> **DATA BLOCK**
==============================
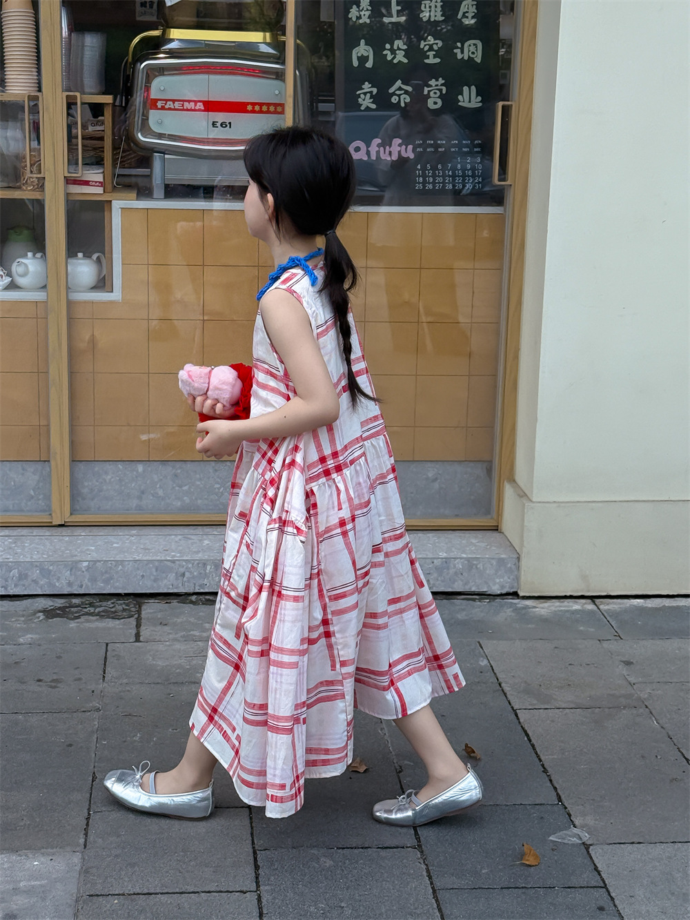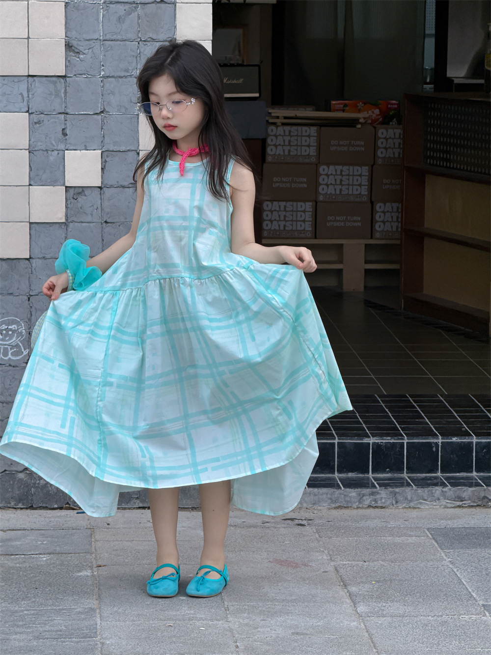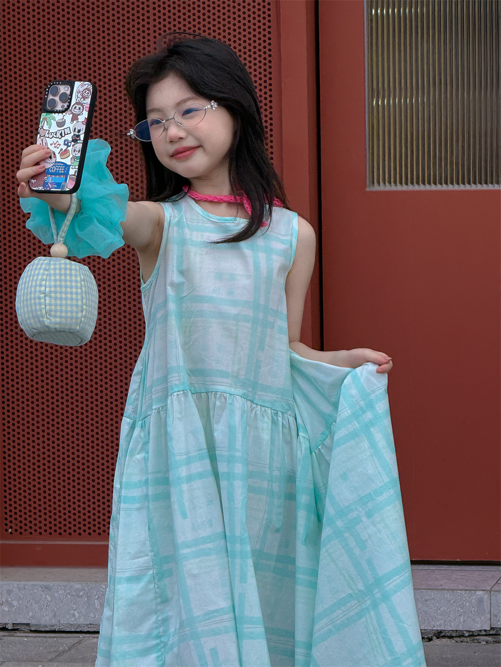 꽃과 추구 어린이 의류 소녀 2025 원피스 여름 새로운 격자 무늬 공주 원피스 어린이 유행 치마스토어 가기
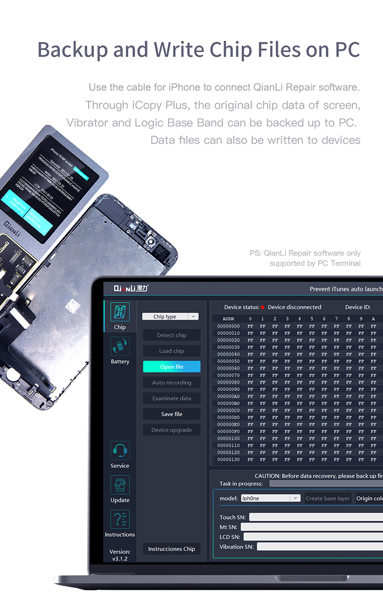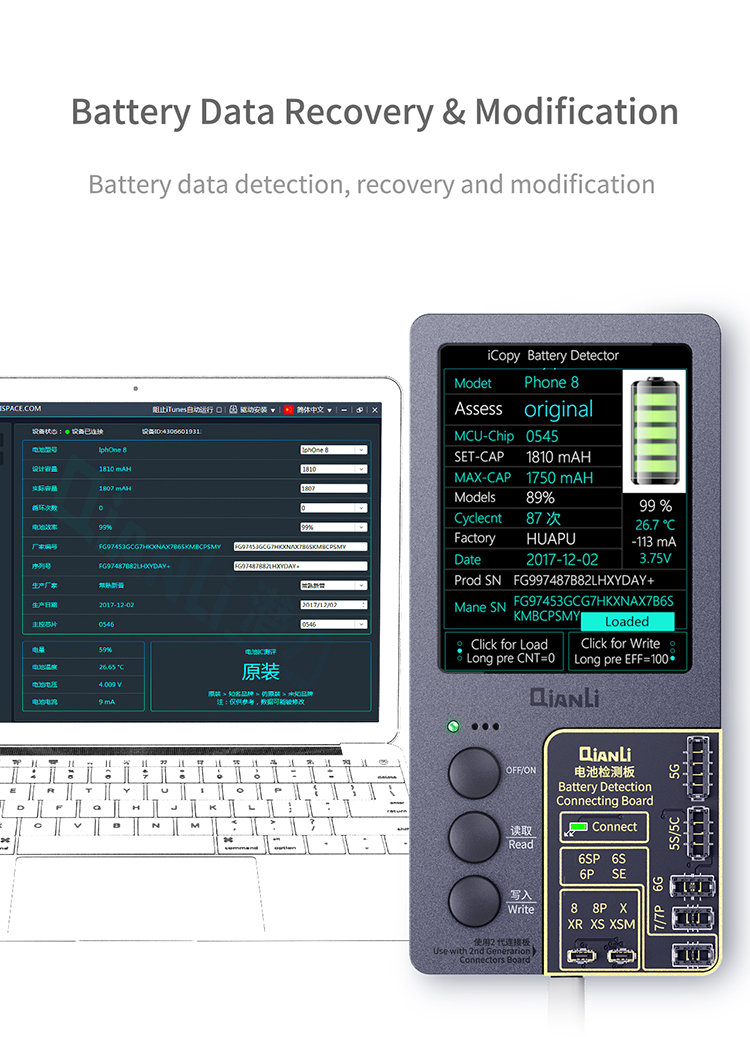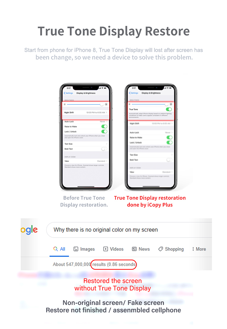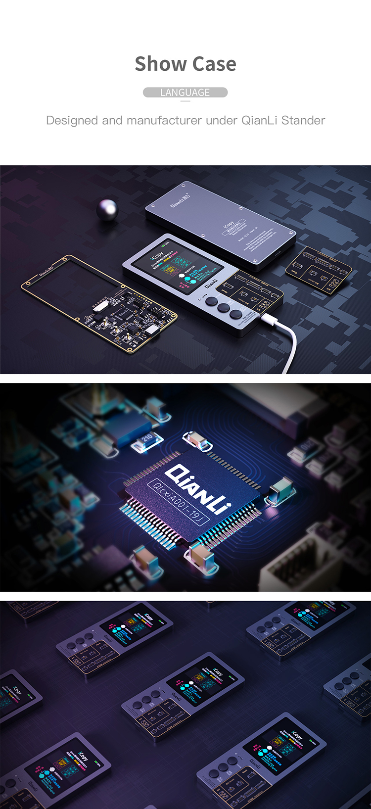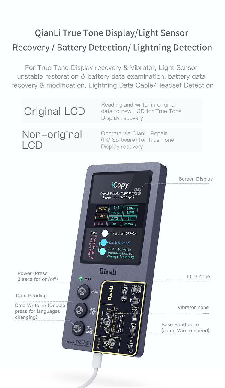 - QianLi True Tone Display/Light Sensor Recovery: For Original LCD: Reading and write-in original data to new LCD for True Tone Display recovery; For Non-original LCD: Operate via QianLi Repair (PC Software) for True Tone Display recovery
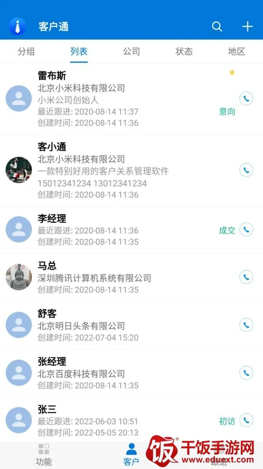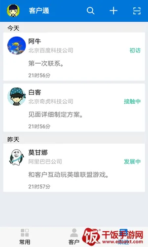 客户通支持记录重要事件和会议,并提醒用户。可让用户简单地管理工作,且所有功能在线免费使用。客户回访及跟进情况会在平台展示,能及时了解不同客户情况。通过扫描客户名片可直接添加客户并了解更多信息,还能将客户信息和通讯录内容分开管理。
==============================
Return all material verbatim, pictures omitted.

> **FINAL ANSWER**
 꽃과 추구 어린이 의류 소녀 2025 원피스 여름 새로운 격자 무늬 공주 원피스 어린이 유행 치마스토어 가기
 - QianLi True Tone Display/Light Sensor Recovery: For Original LCD: Reading and write-in original data to new LCD for True Tone Display recovery; For Non-original LCD: Operate via QianLi Repair (PC Software) for True Tone Display recovery
 客户通支持记录重要事件和会议,并提醒用户。可让用户简单地管理工作,且所有功能在线免费使用。客户回访及跟进情况会在平台展示,能及时了解不同客户情况。通过扫描客户名片可直接添加客户并了解更多信息,还能将客户信息和通讯录内容分开管理。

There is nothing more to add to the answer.